BEGIN Collected data

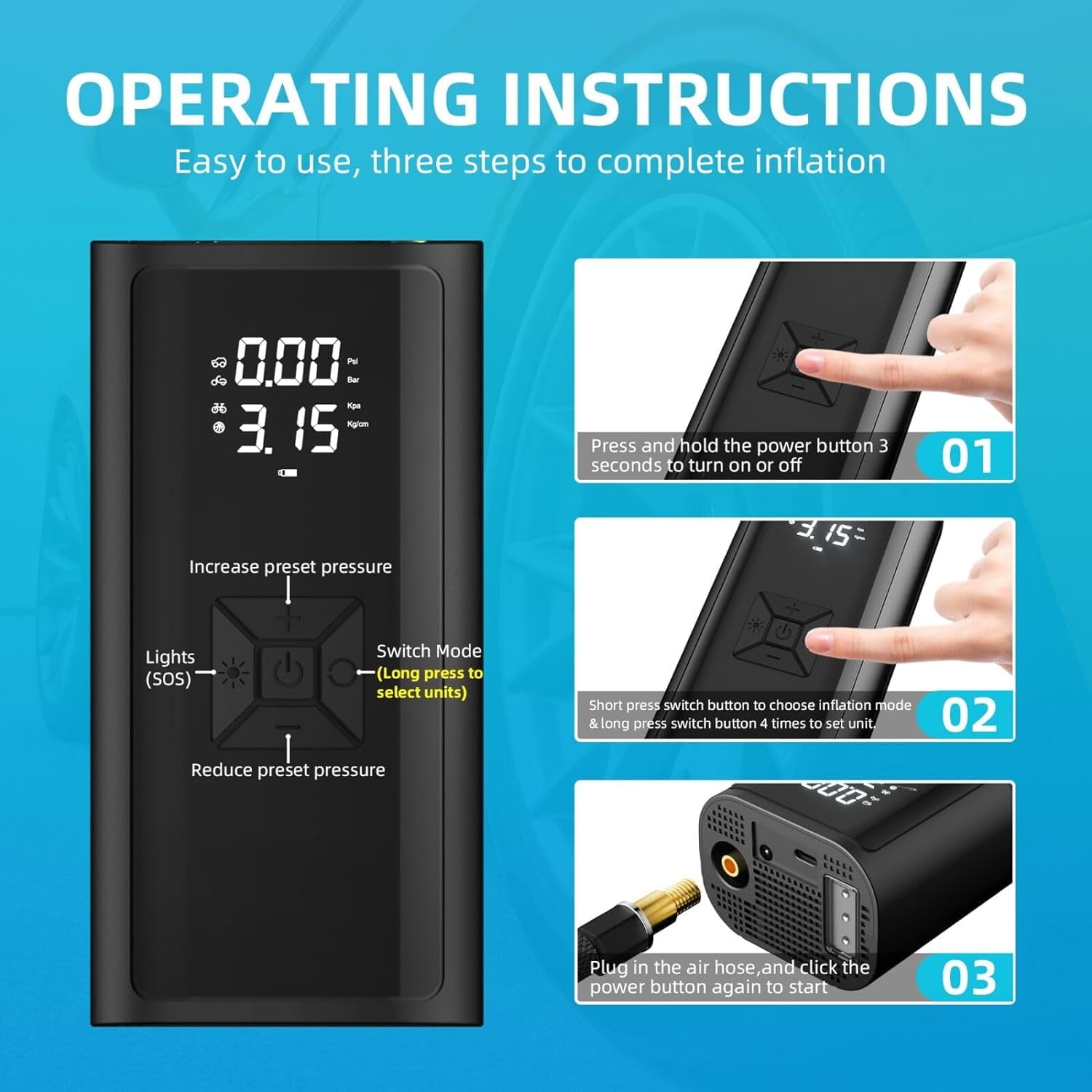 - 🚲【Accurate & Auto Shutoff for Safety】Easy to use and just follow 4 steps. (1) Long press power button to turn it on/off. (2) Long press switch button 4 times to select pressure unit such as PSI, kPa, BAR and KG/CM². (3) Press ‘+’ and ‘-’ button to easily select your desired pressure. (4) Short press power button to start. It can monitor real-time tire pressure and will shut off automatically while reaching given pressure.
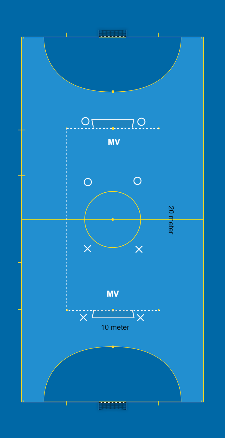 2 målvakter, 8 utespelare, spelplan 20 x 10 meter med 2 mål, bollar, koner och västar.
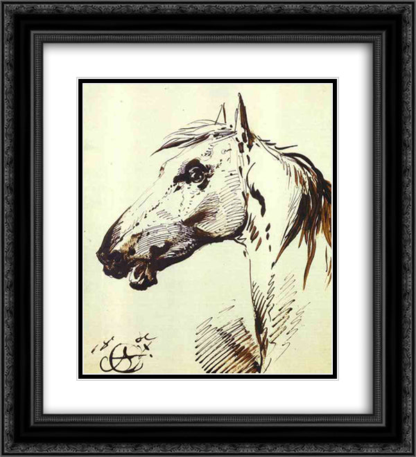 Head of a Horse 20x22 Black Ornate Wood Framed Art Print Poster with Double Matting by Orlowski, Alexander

END Collected data

▶ Task directions
Your task is to return the lines above, from the first one up to and including the line containing "2 målvakter, 8", minus any pictures.

▶ Result of the task
 - 🚲【Accurate & Auto Shutoff for Safety】Easy to use and just follow 4 steps. (1) Long press power button to turn it on/off. (2) Long press switch button 4 times to select pressure unit such as PSI, kPa, BAR and KG/CM². (3) Press ‘+’ and ‘-’ button to easily select your desired pressure. (4) Short press power button to start. It can monitor real-time tire pressure and will shut off automatically while reaching given pressure.
 2 målvakter, 8 utespelare, spelplan 20 x 10 meter med 2 mål, bollar, koner och västar.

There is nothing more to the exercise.